Start of Block
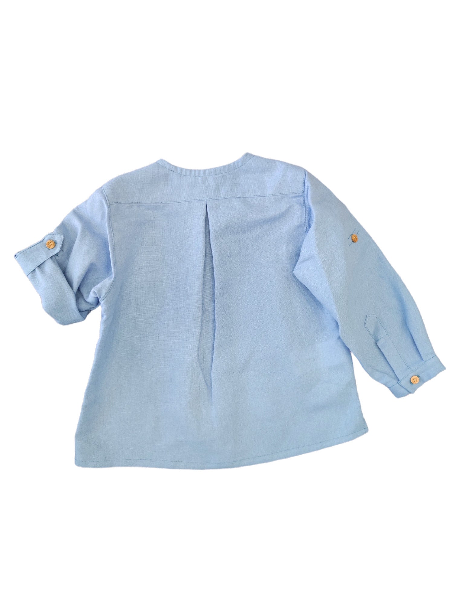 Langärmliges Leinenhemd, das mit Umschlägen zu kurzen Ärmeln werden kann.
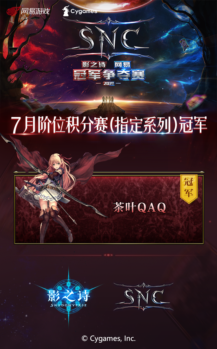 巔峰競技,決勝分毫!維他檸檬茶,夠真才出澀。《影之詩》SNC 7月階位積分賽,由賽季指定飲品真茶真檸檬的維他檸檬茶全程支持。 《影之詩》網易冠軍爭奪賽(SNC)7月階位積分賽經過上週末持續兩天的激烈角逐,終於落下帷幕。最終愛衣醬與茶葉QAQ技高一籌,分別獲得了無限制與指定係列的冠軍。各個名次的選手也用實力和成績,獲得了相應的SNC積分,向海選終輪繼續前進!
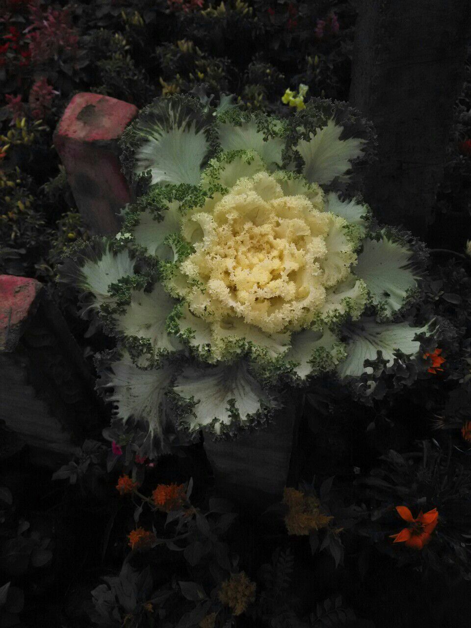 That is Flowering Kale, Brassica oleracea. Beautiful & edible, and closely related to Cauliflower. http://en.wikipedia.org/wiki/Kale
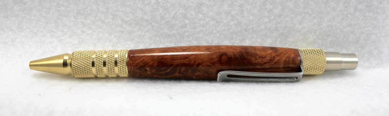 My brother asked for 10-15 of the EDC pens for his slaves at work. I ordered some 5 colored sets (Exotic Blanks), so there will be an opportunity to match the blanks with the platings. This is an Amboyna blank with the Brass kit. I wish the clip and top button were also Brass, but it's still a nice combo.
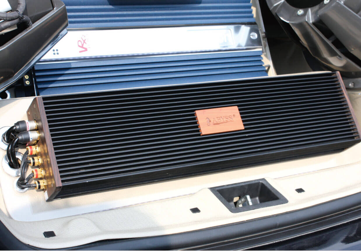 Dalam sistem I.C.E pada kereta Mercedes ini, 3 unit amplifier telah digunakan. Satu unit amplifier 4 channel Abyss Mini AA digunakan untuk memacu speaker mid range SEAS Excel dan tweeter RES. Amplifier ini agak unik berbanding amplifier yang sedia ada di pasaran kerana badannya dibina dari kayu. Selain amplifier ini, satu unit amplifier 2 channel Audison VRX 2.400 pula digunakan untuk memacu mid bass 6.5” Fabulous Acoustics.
End of Block
Start of Block
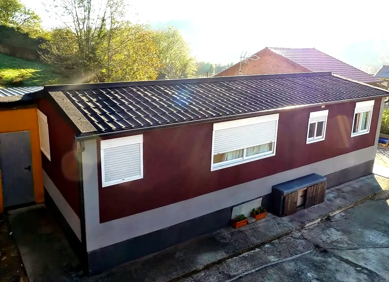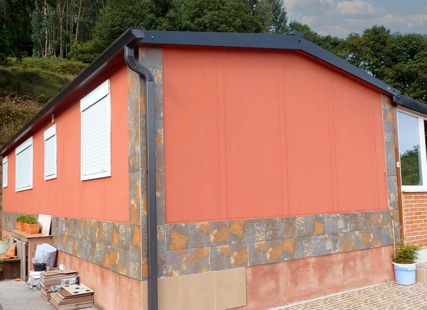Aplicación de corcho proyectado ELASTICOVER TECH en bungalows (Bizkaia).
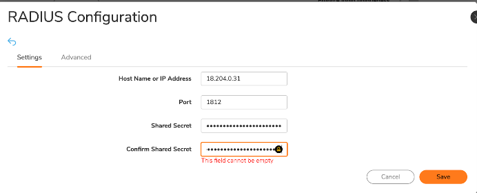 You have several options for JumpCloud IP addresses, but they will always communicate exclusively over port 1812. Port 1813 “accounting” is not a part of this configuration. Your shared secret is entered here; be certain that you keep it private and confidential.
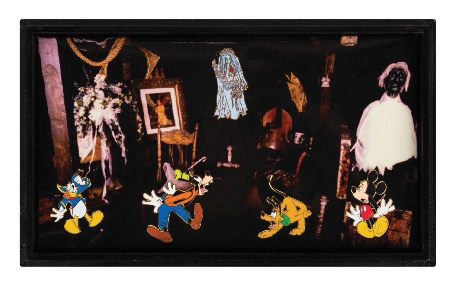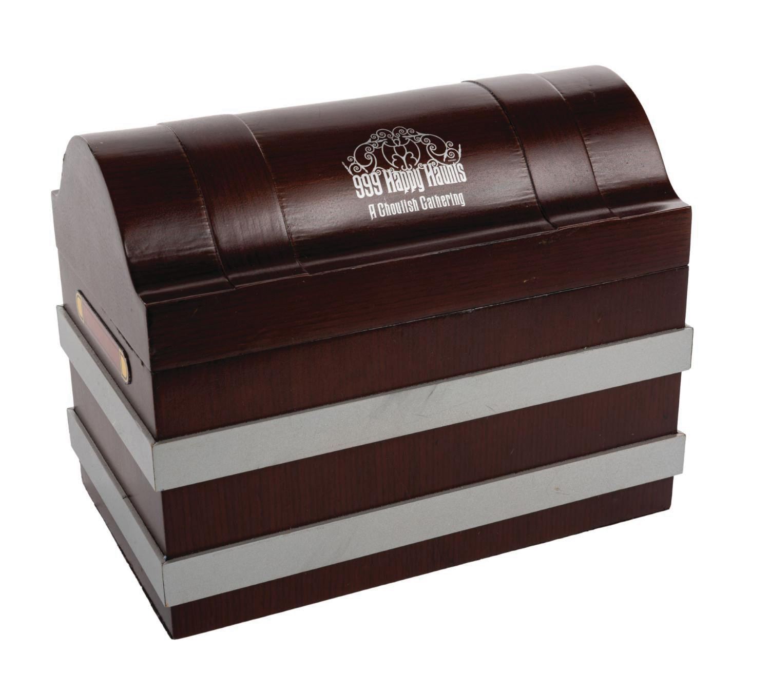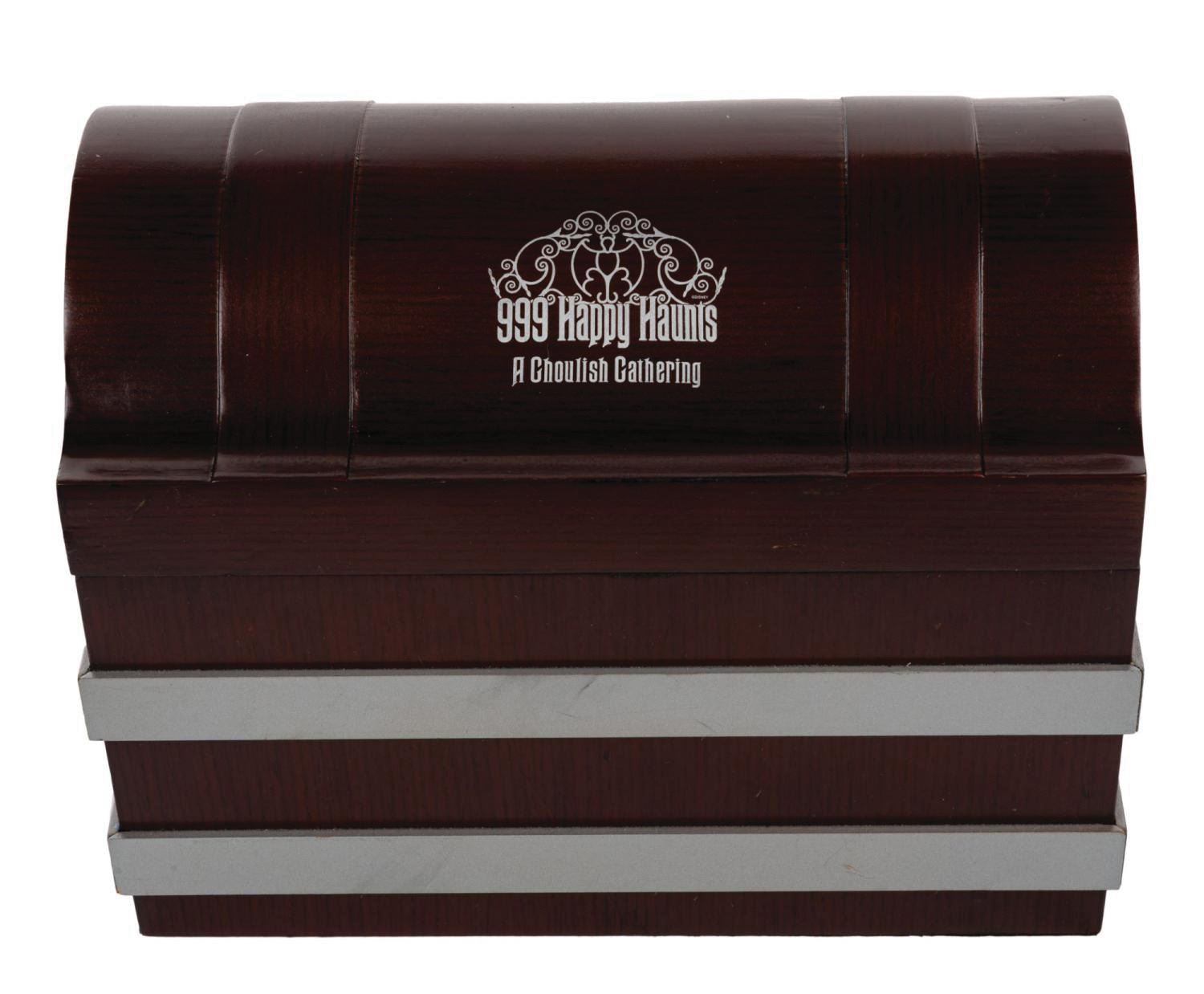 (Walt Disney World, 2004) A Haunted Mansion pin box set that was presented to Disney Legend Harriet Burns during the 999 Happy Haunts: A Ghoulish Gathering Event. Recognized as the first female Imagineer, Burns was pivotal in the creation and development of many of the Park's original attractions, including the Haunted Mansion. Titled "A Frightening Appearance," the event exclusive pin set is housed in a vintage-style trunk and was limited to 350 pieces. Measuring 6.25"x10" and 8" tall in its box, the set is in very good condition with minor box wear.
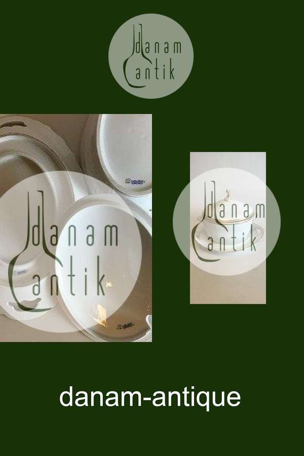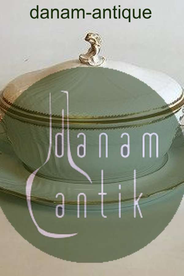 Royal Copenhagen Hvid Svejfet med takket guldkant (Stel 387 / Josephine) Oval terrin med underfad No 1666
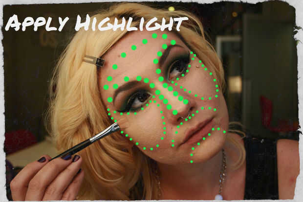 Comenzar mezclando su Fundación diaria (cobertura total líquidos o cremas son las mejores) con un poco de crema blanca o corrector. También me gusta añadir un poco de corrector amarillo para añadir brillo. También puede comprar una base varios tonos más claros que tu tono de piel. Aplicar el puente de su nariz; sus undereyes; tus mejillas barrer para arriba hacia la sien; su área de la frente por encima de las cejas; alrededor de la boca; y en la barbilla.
End of Block
Start of Block
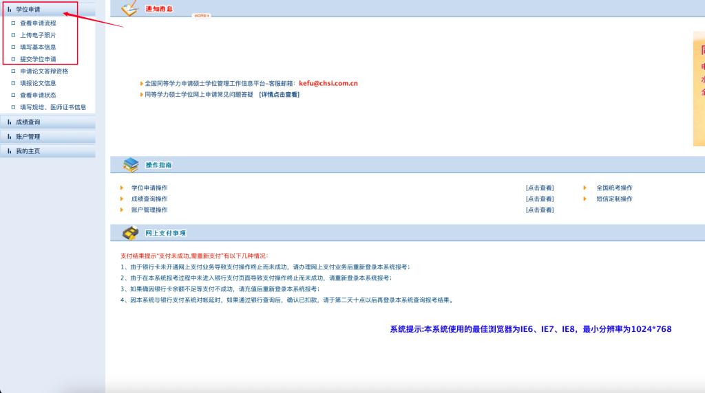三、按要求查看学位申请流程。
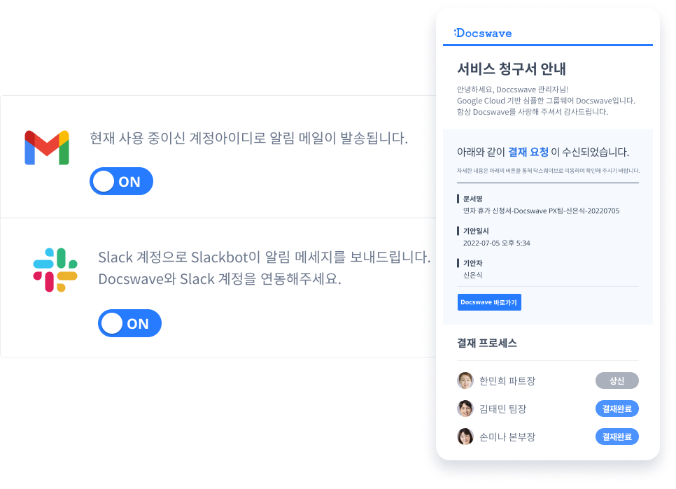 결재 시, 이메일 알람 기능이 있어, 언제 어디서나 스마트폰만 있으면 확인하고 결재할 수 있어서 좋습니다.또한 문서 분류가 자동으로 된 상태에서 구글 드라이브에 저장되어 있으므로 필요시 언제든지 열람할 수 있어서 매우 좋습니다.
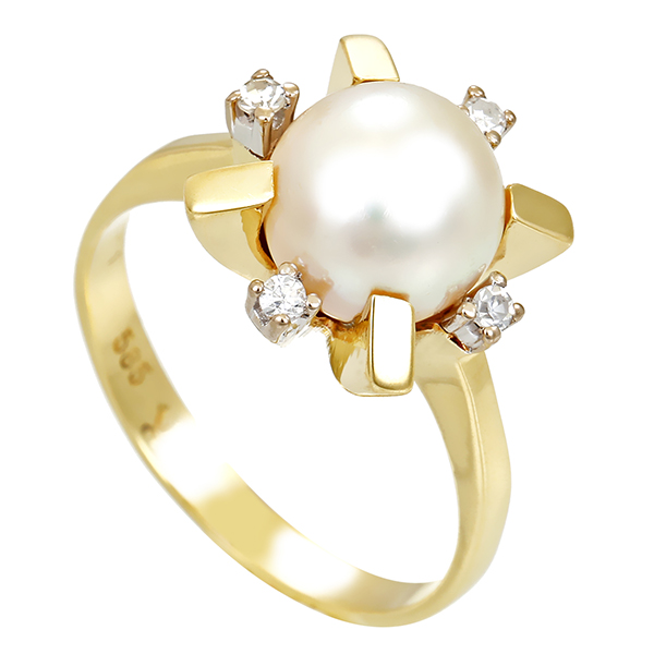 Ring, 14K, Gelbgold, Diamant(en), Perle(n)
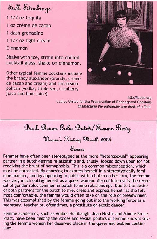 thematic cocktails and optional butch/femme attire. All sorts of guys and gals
End of Block
(PROBLEM TO WORK ON):
Output exactly the lines of the listing above that start with the one holding "(Walt Disney World, 2004)" and go on through the one holding "Royal Copenhagen Hvid"; leave the pictures out.

(ANSWER SPACE):
 (Walt Disney World, 2004) A Haunted Mansion pin box set that was presented to Disney Legend Harriet Burns during the 999 Happy Haunts: A Ghoulish Gathering Event. Recognized as the first female Imagineer, Burns was pivotal in the creation and development of many of the Park's original attractions, including the Haunted Mansion. Titled "A Frightening Appearance," the event exclusive pin set is housed in a vintage-style trunk and was limited to 350 pieces. Measuring 6.25"x10" and 8" tall in its box, the set is in very good condition with minor box wear.
 Royal Copenhagen Hvid Svejfet med takket guldkant (Stel 387 / Josephine) Oval terrin med underfad No 1666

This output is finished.